» **PROBLEM TO SOLVE**:
From the material below, please set down exactly the lines starting with the one with "대우전자 L32U6510TK 로 화면이" and going on through the one with "Daarna ging de", without a single picture.

» **MATERIAL SHOWN**:
-- Opening Marker --
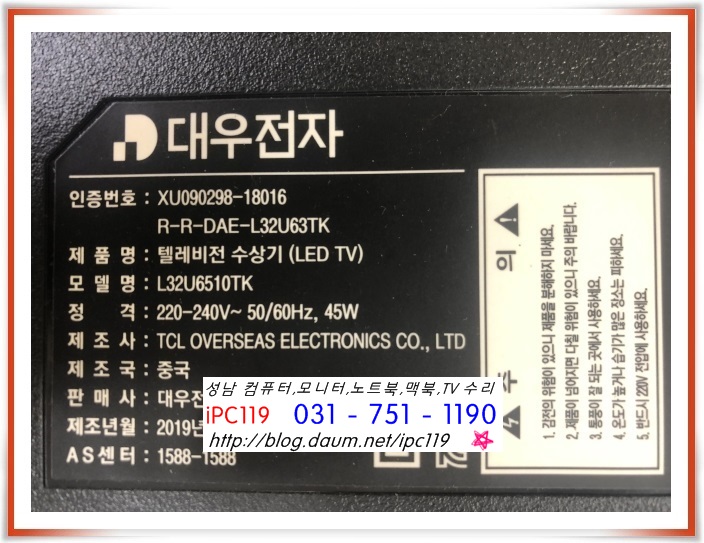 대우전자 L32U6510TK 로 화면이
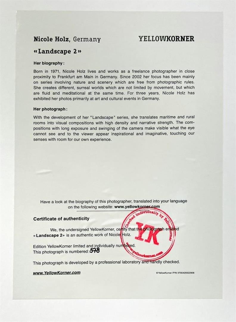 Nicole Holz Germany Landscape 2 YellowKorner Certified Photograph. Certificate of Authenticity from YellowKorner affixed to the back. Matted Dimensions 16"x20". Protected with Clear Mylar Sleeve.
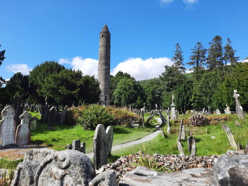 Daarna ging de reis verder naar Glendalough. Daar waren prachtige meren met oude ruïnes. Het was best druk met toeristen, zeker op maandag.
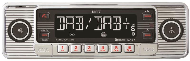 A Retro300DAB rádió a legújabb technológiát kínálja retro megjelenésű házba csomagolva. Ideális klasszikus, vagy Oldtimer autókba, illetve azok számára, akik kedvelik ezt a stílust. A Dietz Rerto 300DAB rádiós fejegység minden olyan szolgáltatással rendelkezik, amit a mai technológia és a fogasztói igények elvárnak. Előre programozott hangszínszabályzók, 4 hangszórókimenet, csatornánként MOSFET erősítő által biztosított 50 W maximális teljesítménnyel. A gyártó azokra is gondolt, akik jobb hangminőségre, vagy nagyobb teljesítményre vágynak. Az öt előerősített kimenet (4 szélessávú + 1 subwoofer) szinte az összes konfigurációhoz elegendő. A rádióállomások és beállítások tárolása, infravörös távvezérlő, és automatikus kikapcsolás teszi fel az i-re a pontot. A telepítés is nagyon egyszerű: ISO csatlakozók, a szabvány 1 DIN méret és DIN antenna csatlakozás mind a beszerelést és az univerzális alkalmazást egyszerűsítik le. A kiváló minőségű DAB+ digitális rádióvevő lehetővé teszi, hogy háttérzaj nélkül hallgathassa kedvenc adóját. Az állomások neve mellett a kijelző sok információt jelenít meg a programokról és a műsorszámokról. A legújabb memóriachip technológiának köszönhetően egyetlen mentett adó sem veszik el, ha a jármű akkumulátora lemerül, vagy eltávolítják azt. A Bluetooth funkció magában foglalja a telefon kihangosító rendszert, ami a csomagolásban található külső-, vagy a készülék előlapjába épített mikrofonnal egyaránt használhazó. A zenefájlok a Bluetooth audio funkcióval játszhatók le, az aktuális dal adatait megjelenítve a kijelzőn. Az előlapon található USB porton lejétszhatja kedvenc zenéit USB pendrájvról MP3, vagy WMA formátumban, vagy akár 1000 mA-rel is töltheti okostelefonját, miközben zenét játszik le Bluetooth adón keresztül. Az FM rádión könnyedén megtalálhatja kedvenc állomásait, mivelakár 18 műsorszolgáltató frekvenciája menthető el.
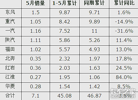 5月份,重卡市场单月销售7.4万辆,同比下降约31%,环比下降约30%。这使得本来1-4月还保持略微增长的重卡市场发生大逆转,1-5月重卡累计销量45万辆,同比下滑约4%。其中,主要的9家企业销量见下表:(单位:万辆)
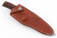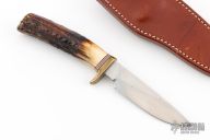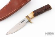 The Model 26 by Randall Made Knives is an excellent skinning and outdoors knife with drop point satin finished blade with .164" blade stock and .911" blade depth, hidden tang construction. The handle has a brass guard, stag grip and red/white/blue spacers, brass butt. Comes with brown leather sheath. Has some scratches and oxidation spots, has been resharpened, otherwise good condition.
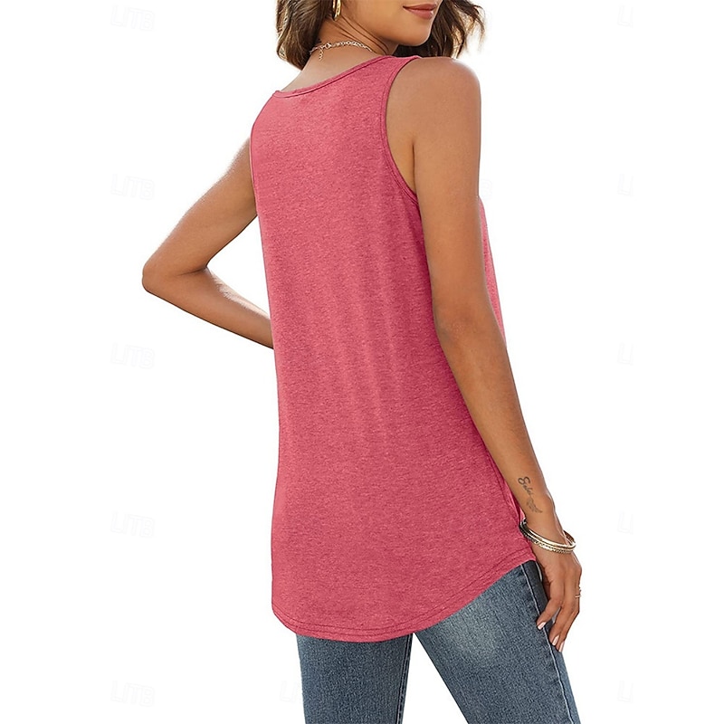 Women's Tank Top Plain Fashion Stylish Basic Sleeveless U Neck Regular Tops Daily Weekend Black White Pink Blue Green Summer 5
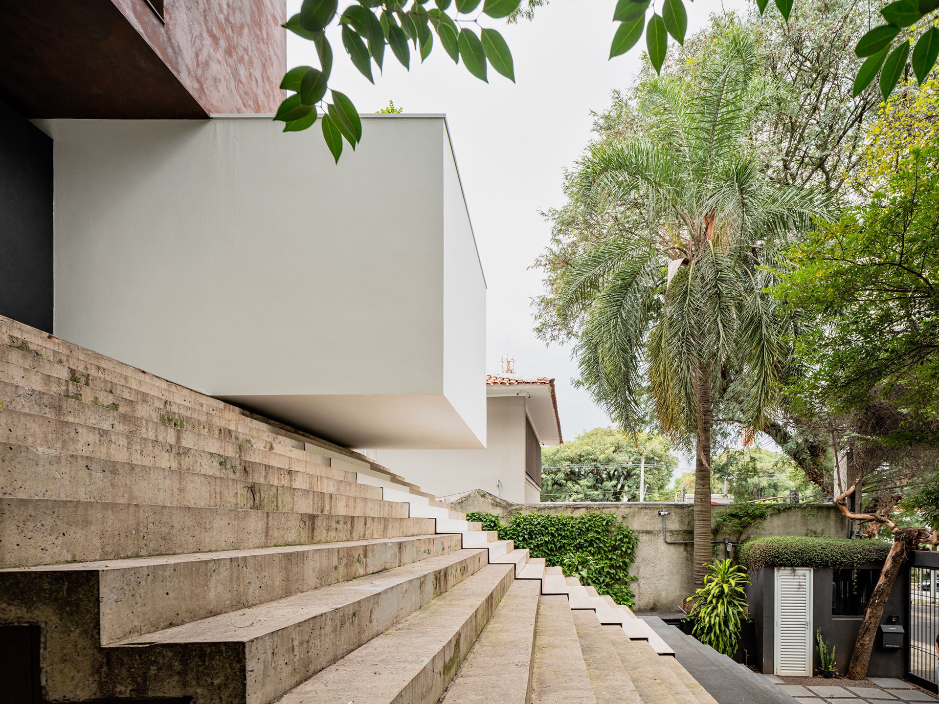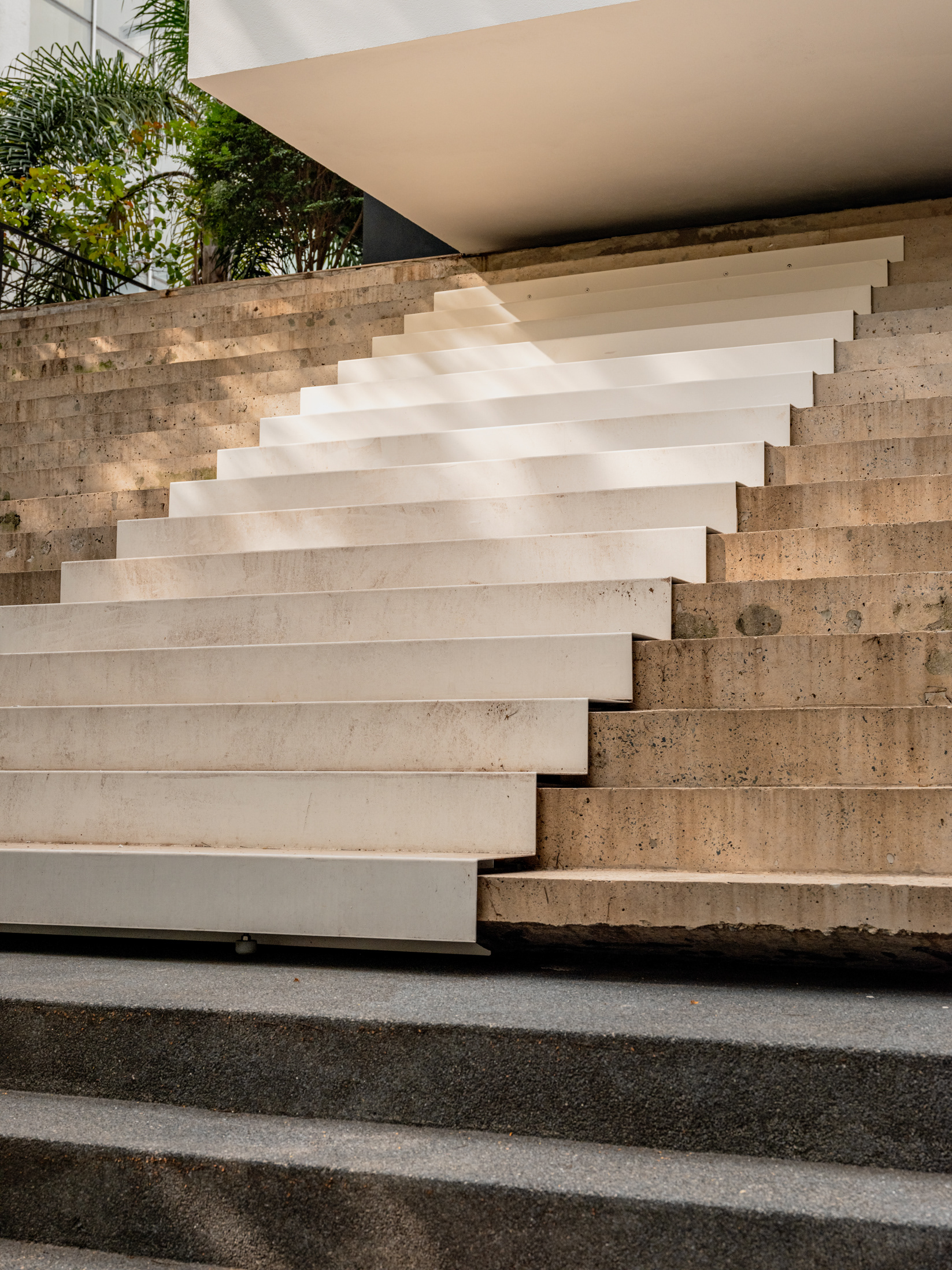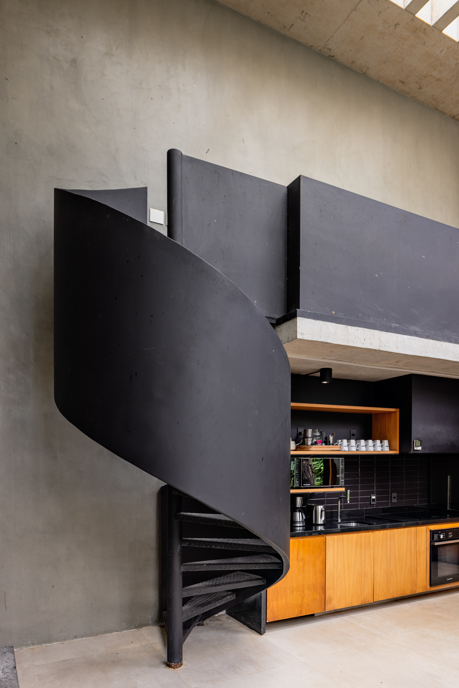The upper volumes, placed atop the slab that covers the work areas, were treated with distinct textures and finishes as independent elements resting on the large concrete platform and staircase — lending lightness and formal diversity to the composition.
-- Closing Marker --
-- Opening Marker --
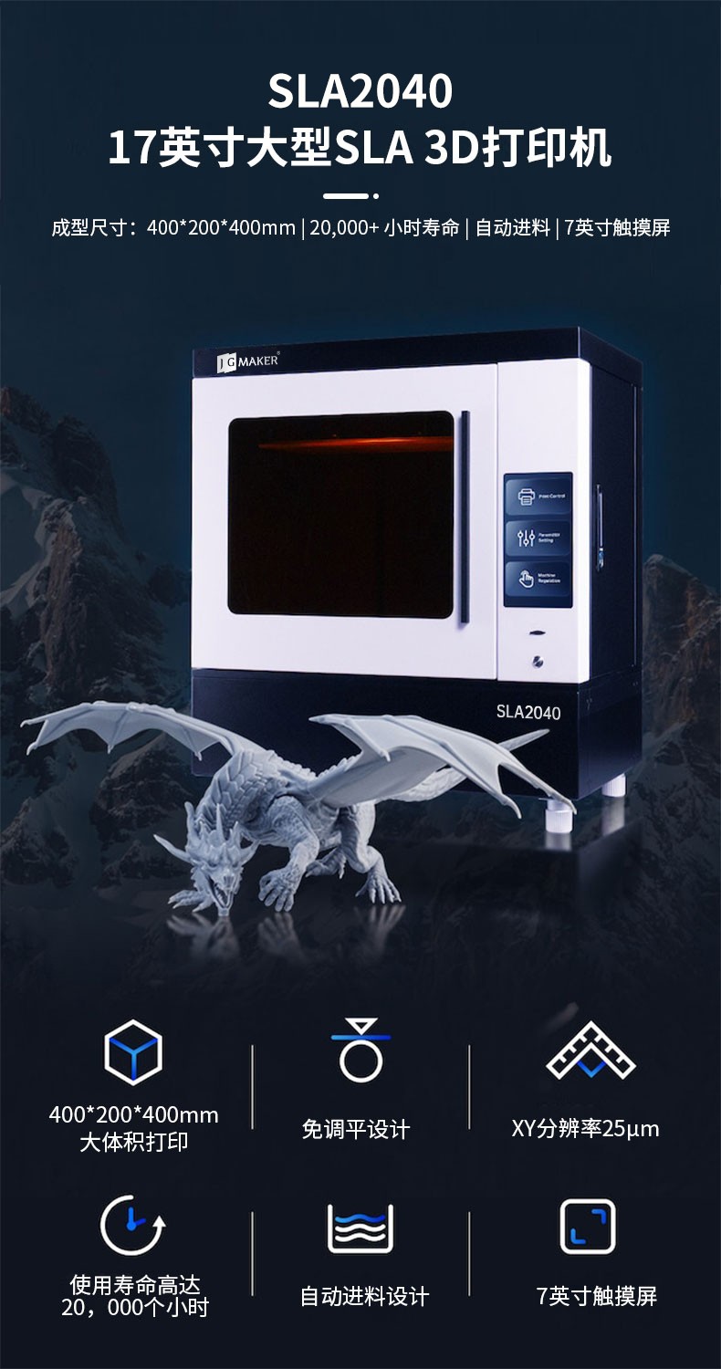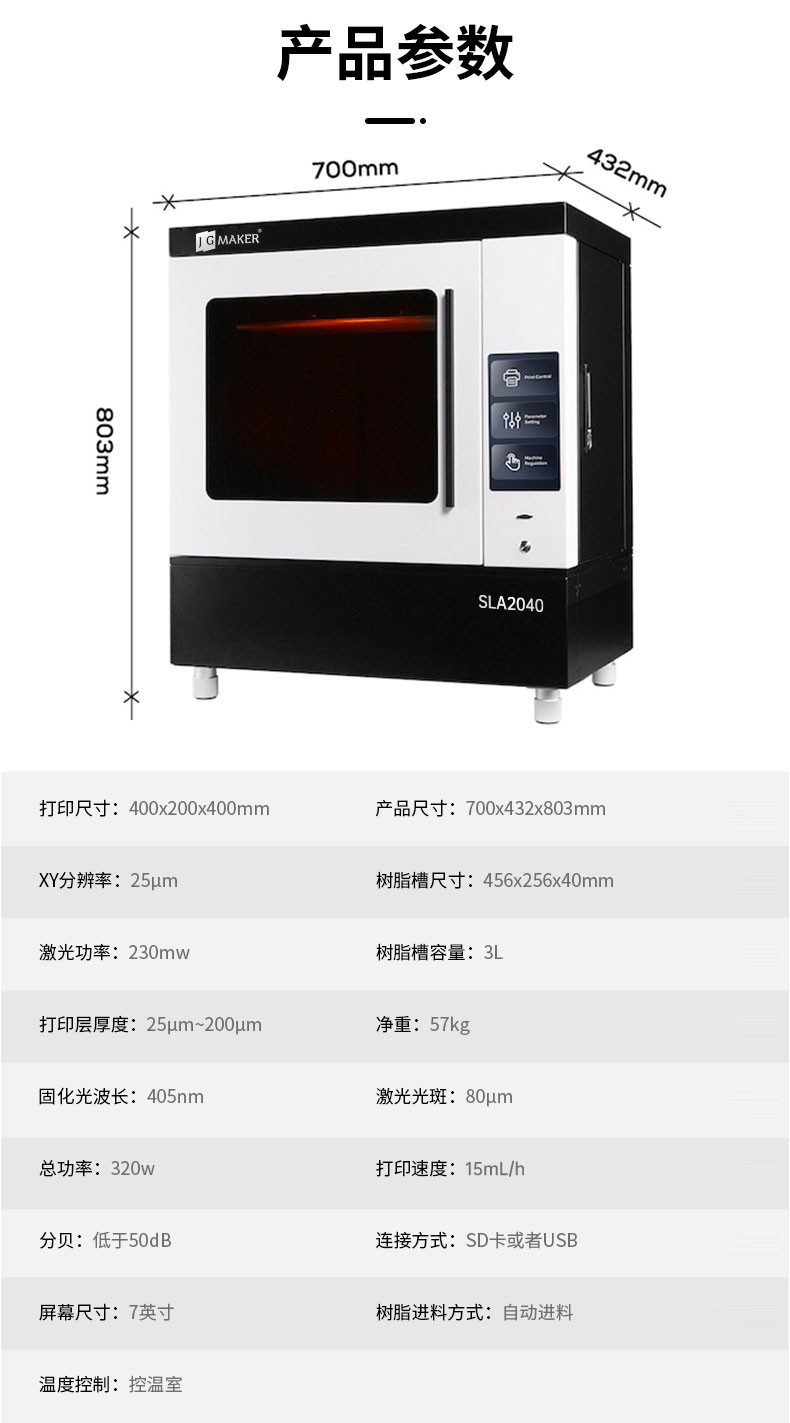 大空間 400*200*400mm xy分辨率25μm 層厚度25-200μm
-- Closing Marker --
» **ANSWER TO THIS TASK**:
 대우전자 L32U6510TK 로 화면이
 Nicole Holz Germany Landscape 2 YellowKorner Certified Photograph. Certificate of Authenticity from YellowKorner affixed to the back. Matted Dimensions 16"x20". Protected with Clear Mylar Sleeve.
 Daarna ging de reis verder naar Glendalough. Daar waren prachtige meren met oude ruïnes. Het was best druk met toeristen, zeker op maandag.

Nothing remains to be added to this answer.